EXERCISE DESCRIPTION: If pictures appear among the lines below, leave them out while you return exactly the lines from the one with "カルマー社製のリーチスタッカ" through the one with "轻奢风格143平米三室两厅卧室床头装修效果图".
SUPPLIED RECORDS: Begin
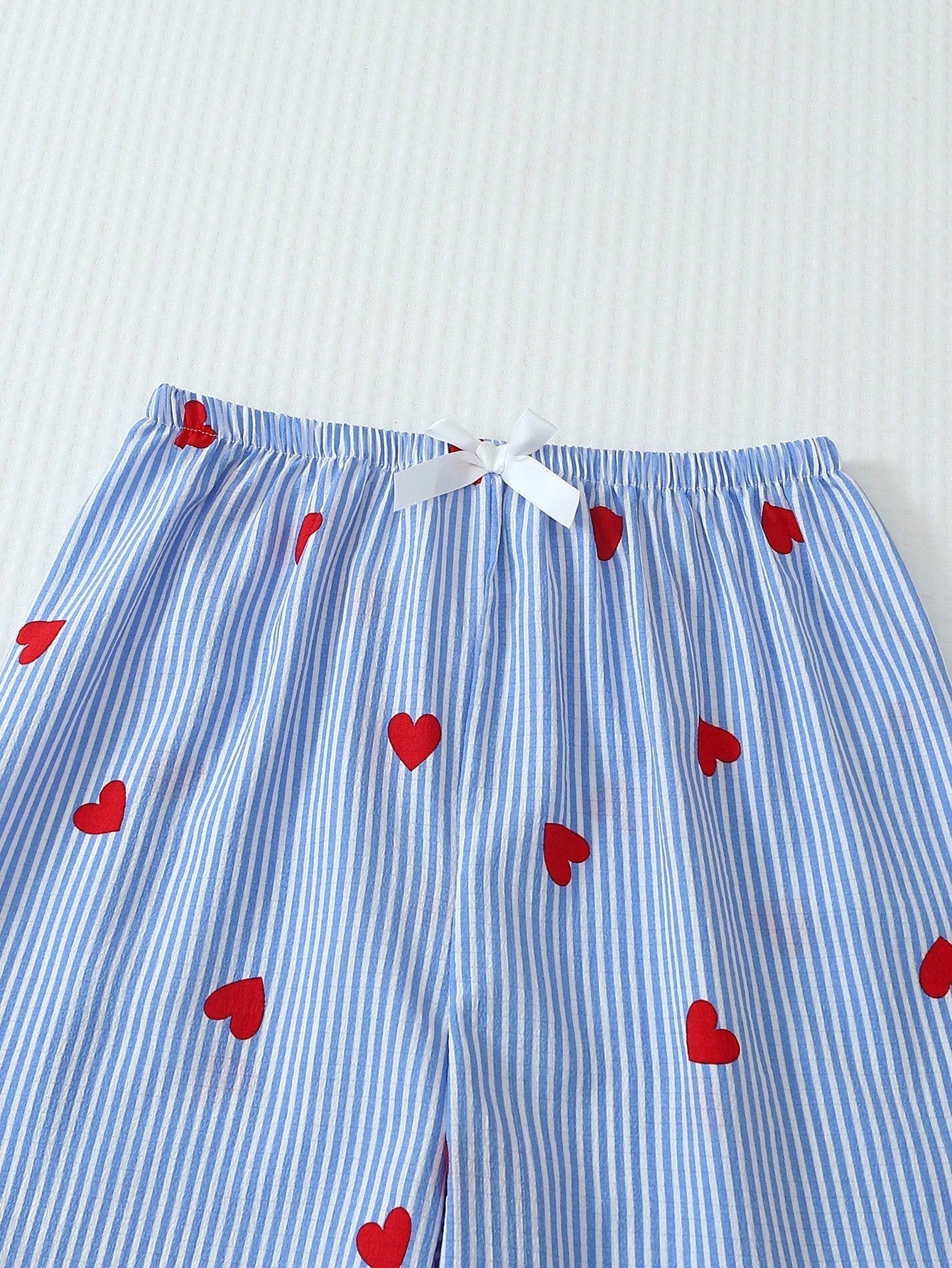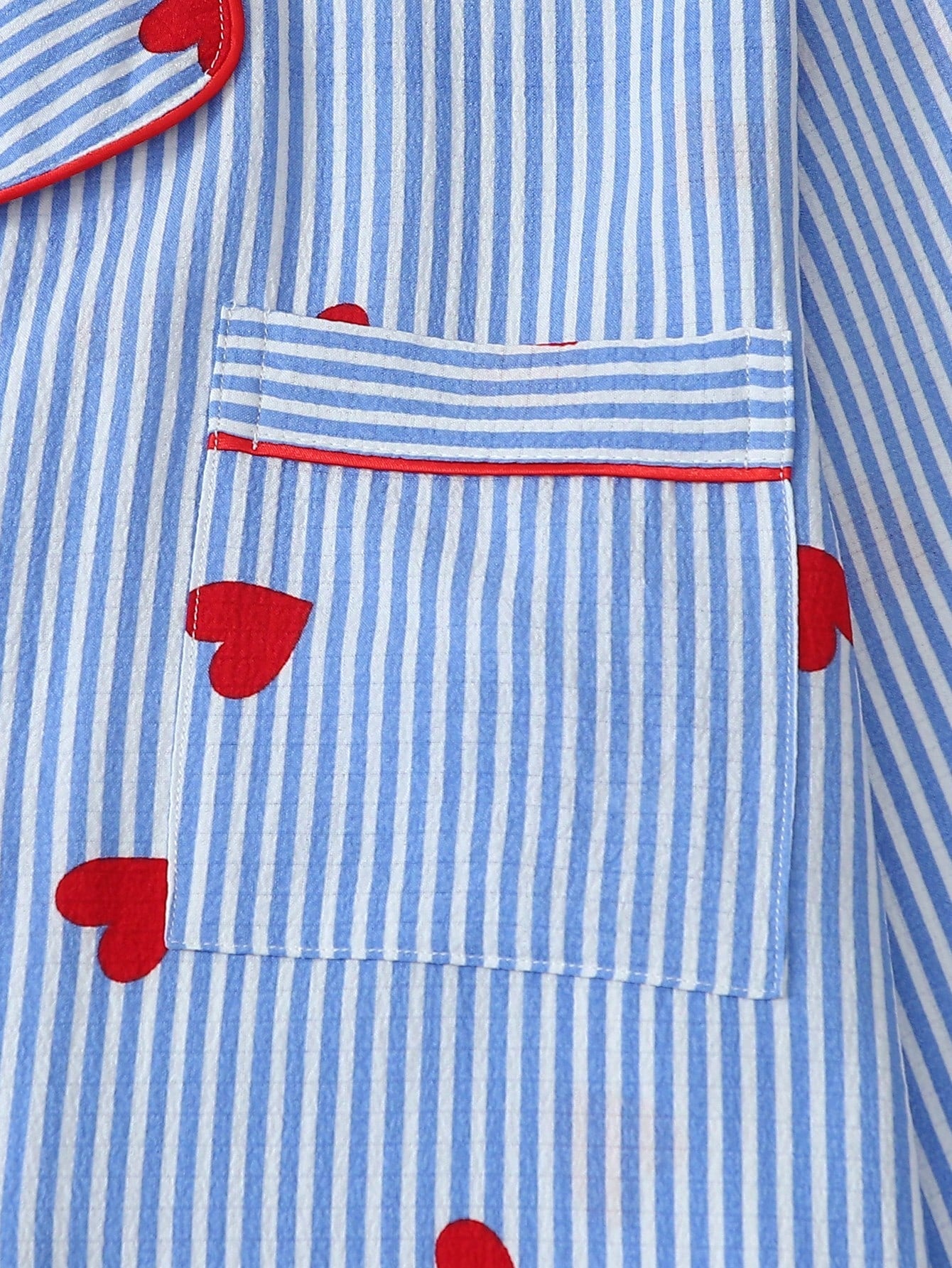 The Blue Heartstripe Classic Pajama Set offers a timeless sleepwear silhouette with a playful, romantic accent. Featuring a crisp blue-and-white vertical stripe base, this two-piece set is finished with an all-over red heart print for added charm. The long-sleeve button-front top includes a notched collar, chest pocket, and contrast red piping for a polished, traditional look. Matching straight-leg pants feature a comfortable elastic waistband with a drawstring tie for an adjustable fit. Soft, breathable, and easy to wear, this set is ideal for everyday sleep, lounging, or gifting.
SUPPLIED RECORDS: End
SUPPLIED RECORDS: Begin
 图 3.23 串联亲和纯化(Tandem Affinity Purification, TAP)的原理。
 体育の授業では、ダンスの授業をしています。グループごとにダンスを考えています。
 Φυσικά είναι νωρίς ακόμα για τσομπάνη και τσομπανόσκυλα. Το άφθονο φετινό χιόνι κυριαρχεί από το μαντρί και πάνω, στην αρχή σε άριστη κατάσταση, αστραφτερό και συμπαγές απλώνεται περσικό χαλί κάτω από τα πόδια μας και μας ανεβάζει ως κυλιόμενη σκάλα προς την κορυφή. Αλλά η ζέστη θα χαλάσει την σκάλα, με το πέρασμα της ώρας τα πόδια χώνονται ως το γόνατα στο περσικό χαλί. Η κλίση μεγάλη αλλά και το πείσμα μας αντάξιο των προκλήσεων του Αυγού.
SUPPLIED RECORDS: End
SUPPLIED RECORDS: Begin
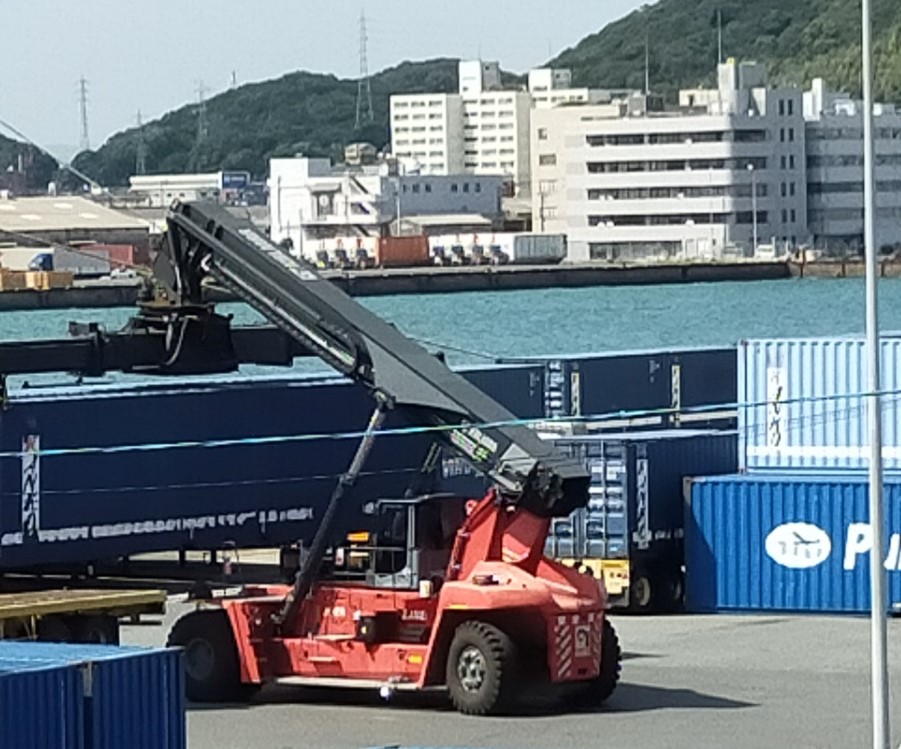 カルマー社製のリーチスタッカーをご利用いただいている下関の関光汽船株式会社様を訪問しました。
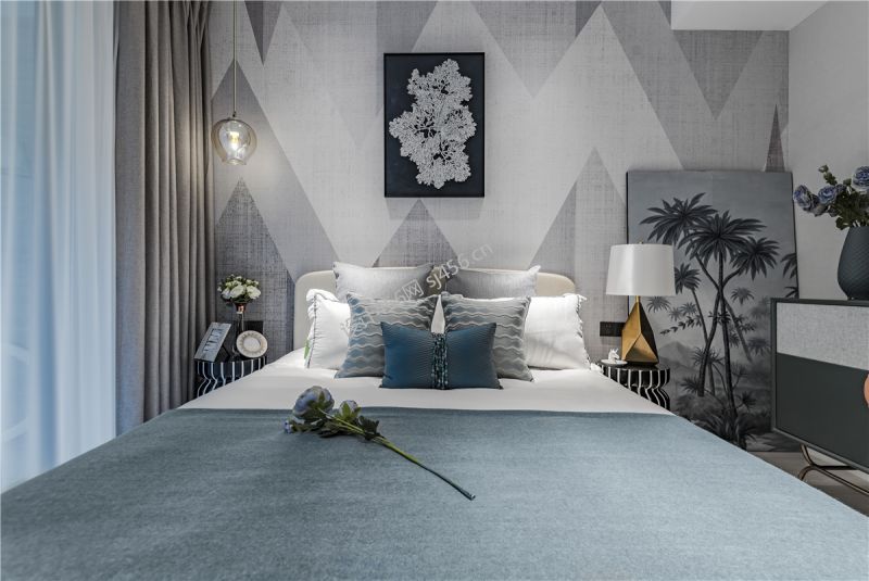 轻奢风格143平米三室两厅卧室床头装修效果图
SUPPLIED RECORDS: End
RESPONSE TO THE TASK:
 カルマー社製のリーチスタッカーをご利用いただいている下関の関光汽船株式会社様を訪問しました。
 轻奢风格143平米三室两厅卧室床头装修效果图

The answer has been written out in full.